Rak jajnika

13 lat temu
Zachorowałam w lipcu tamtego roku.Był to szok,do konca nie wierzyłam,ze mnie to spotkało.Zaczęło sie nagle.Całe zycie zdrowa jak ryba.Póżno,jak zwykle przy I ttym raku pózno.I tutaj zaczyna się moje forum.....Dlaczego tyle krzyczy się o raku piersi,o raku szyjki macicy,a o raku jajnika nic.Mamy profilaktyczne badania cytologiczne,mamografię,a o badaniu CA 125 nikt nam nawet nic nie mówi.Przecież o raku jajnika mówi się(dzisiaj to wiem)"cichy zabójca".Dlaczego ma tak znikomą wyleczalnośc.......Jego wykrywalnośc jest w 3,4 stadium,wiadomo co to znaczy.....Nikt nam kobietom nie mówia by profilaktycznie badac sobie krew,bo to jest jedyna szansa aby uchwycic go szybciej.I wbrew pozorom choroba ta nie dotyczy kobiet tylko po40-tce.Umierały przy mnie dziewczyny,które miału niespełna 20-cia lat.Czy na prawdę w naszym kochanym kraju nie możemy zrobic nic,aby uświadomic przynajmniej kobietom co może im grozic?Ja przeszłam cięzką operacje,dzisiaj jestem zdrowa i wierzę,że tak zostanie.Wiem,że to moja siła mnie pcha do przodu.Tej siły życzę każdemu
26195 odpowiedzi:
  • Właśnie dostaliśmy wypis że szpitala i mamy rozpoznanie FIGO 3C czy któraś z Was miała taki stan zaawansowania i dała radę??;(

  • Witam Was,mam 36 lat,jestem matką dwójki małych dzieci.We wrześniu dowiedziałam się że mam raka jajnika FIGO 3C.Przeszłam operacje radykalną.Jestem po 6 cyklach chemioterapii Pacliraxelum + Carboplatinum. Teraz co 3 miesiące czeka mnie TK i wizyta u mojej dr.onkolog.Wierzę że wszystko będzie ok.Bardzo ważne jest pozytywne nastawienie i pomoc bliskich osób.

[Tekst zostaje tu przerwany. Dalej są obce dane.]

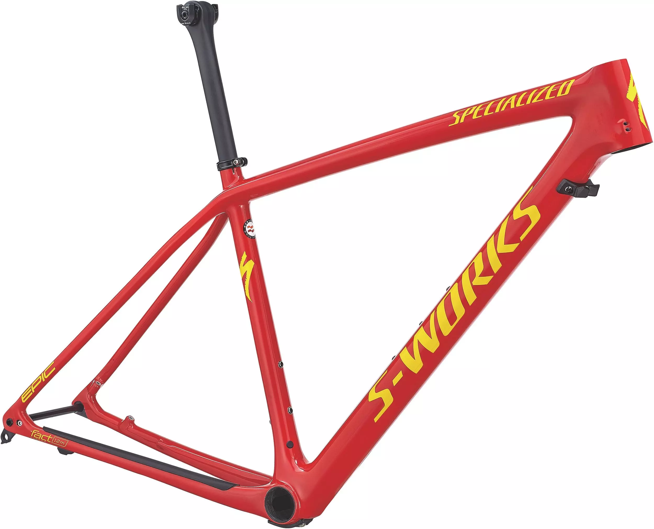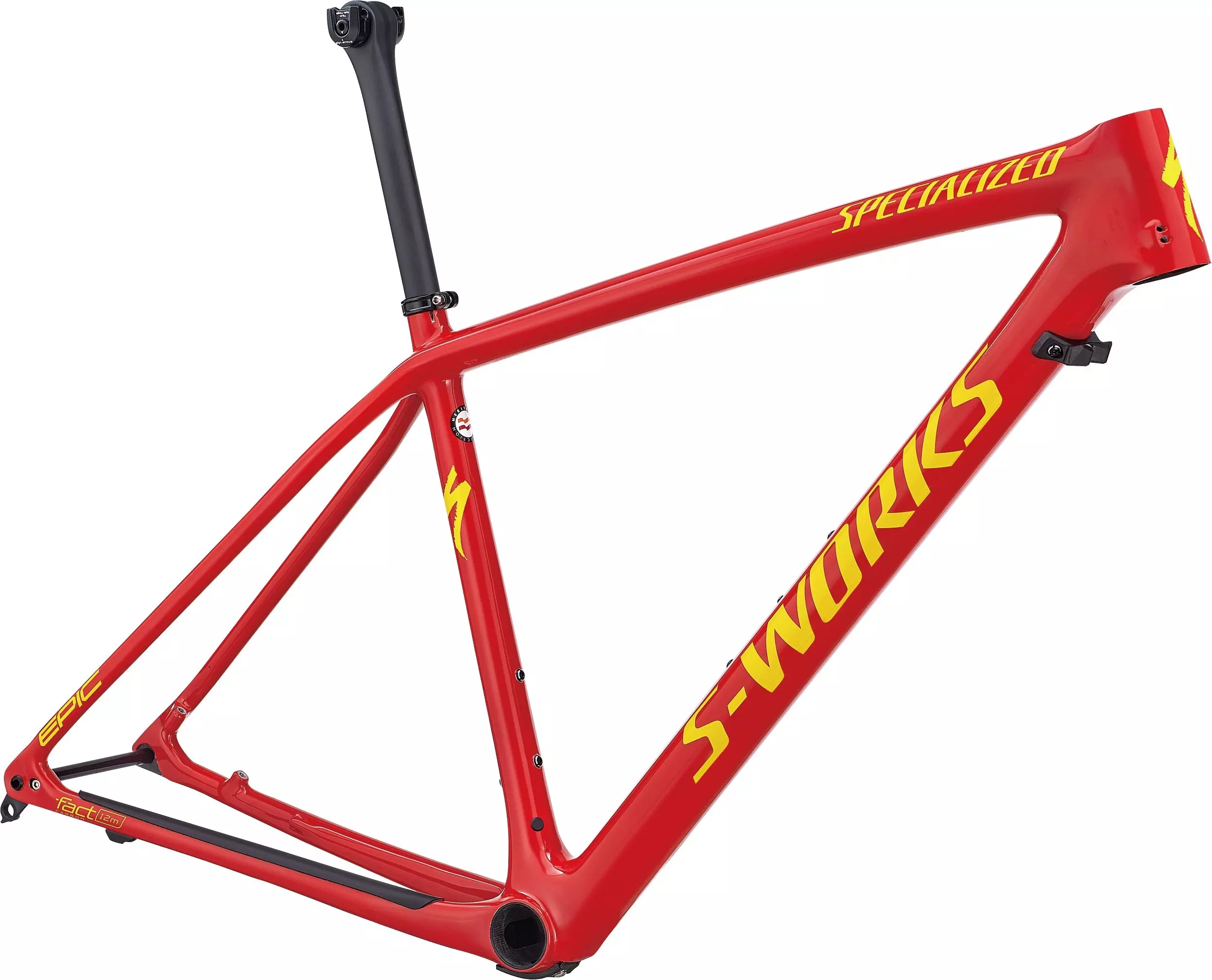 S-Works FACT 12m, full carbon frame w/ S-Works layup, XC Geometry, internal split-housing cable routing, PF30 BB, 12x148mm rear end, triangulated post-mount 160mm brake

  • Ilonka większość osób tutaj tak ma :* Niestety rak jajnika jest wykrywany bardzo późno zazwyczaj. Rzadko się zdarza wyleczenie "na zawsze" w takiej sytuacji. Choć często nawrót jest dopiero po paru latach. Lekarze traktują to jako chorobę przewlekłą. Moja mama miała IIIb. Kolejna chemia po roku. W moim odczuciu bardzo szybko

    Wpis edytowany dnia 04-02-2019 13:26 przez agusia12
  • Mamę uczuliła karboplatyna - podczas podawania taxolu zamiast regresu był progres. Teraz okazało się, że czerwona chemia (caelyx) też nie działa (przerzuty na wątrobę). Ktoś był w takiej sytuacji? Są jeszcze jakieś możlliwości? Lekarze przyjęli raczej postawę, że nie mają już nic w zanadrzu. Powinnam szukać pomocy gdzieś indziej? Czy wszędzie potraktują ją tak samo?

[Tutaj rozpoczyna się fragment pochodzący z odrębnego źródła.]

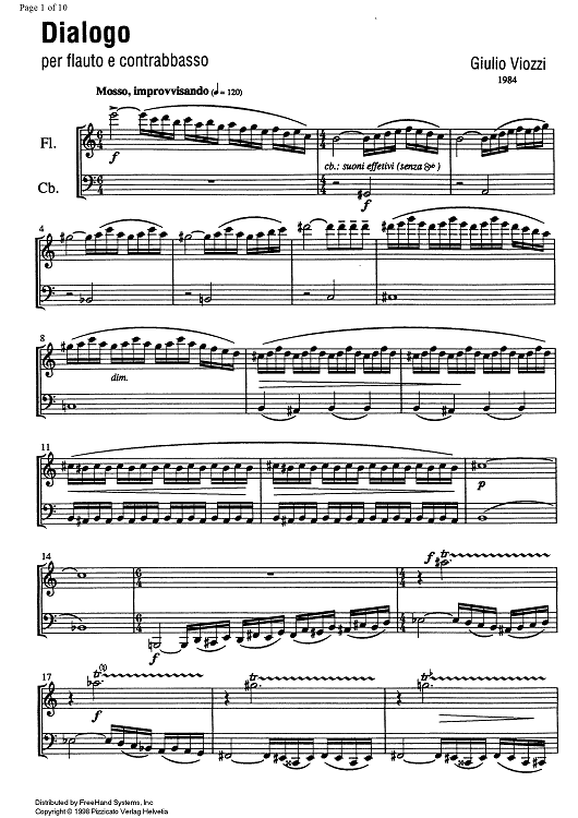 Digital Sheet Music for Dialogo by , Giulio Viozzi scored for Flute/Double Bass; id:334549

    Wpis edytowany dnia 04-02-2019 16:29 przez agusia12
  • Dziewczyny pytając o suplementy. Powiem tak. Tkwie już na tym forum 6 lat, w tym czasie przewinęło się przez forum mnóstwo kobiet, niektóre już nie piszą i tylko czytają, inne zrezygnowały i nie sledzą forum, innych już zabrakło. Próbowałyśmy razem do kupy chyba wszystkiego, rezultat jest taki że nie ma odpowiedzi co jeść, czego nie, co pomaga a co nie. Jeśli chodzi o samą chemię to nie warto wyrzucać mnóstwa pieniędzy na bibram bo mama może przejść przez chemię całkiem gładko jak niektóre z nas między innymi ja, inne kobiety prze hodziły ja gorzej ale nie jest to aż tak straszne żeby od razu wchodzić w specyfiki za naprawdę wielkie pieniądze a nie mające 100%pewnosci że pomogą. Teraz do każdego wlewu dostaje się w pakiecie sterydy jak również p/wymiotne więc nie jest tak bardzo tragicznie jak wiele lat wstecz. Najważniejsze to zdrowe odżywianie, na krew jeśli ktoś może to lampka czerwonego wina, może być sok z buraka lub wielowarzywny. Ważne żeby sok z buraka  był odstany w lodowce bo wtedy jest przyswajalny. Poczytajcie o tym zanim zaczniecie go robić. Ja wspomagałam się tatarem i carpaccio z surowej wołowiny.... Ale najważniejsze jest podawanie choremu na co ma ochotę i czego organizm się domaga. Bo czasem domaga się np tylko lodów.. i tak bywa. Zielona herbata, i produkty lekkostrawne jak się da to z własnej "produkcji" czyli swojskie. Co do kurkuminy czyli kurkumy. No cóż, jeśli już to w połączeniu z odrobiną pieprzu oczywiście. Ja jestem smakoszem kuchni hinduskiej i zjadłam tego b.duzo ale czy to coś dało..???? Generalnie zdrowo i to najważniejsze. Każdy organizm jest inny i każda z nas inaczej też odczuwa ból, do tego dochodzi aspekt psychiczny. Trzeba wierzyć że się uda i że wszystko będzie dobrze. Z 3c też można żyć długie lata i tego trzeba się trzymać :) 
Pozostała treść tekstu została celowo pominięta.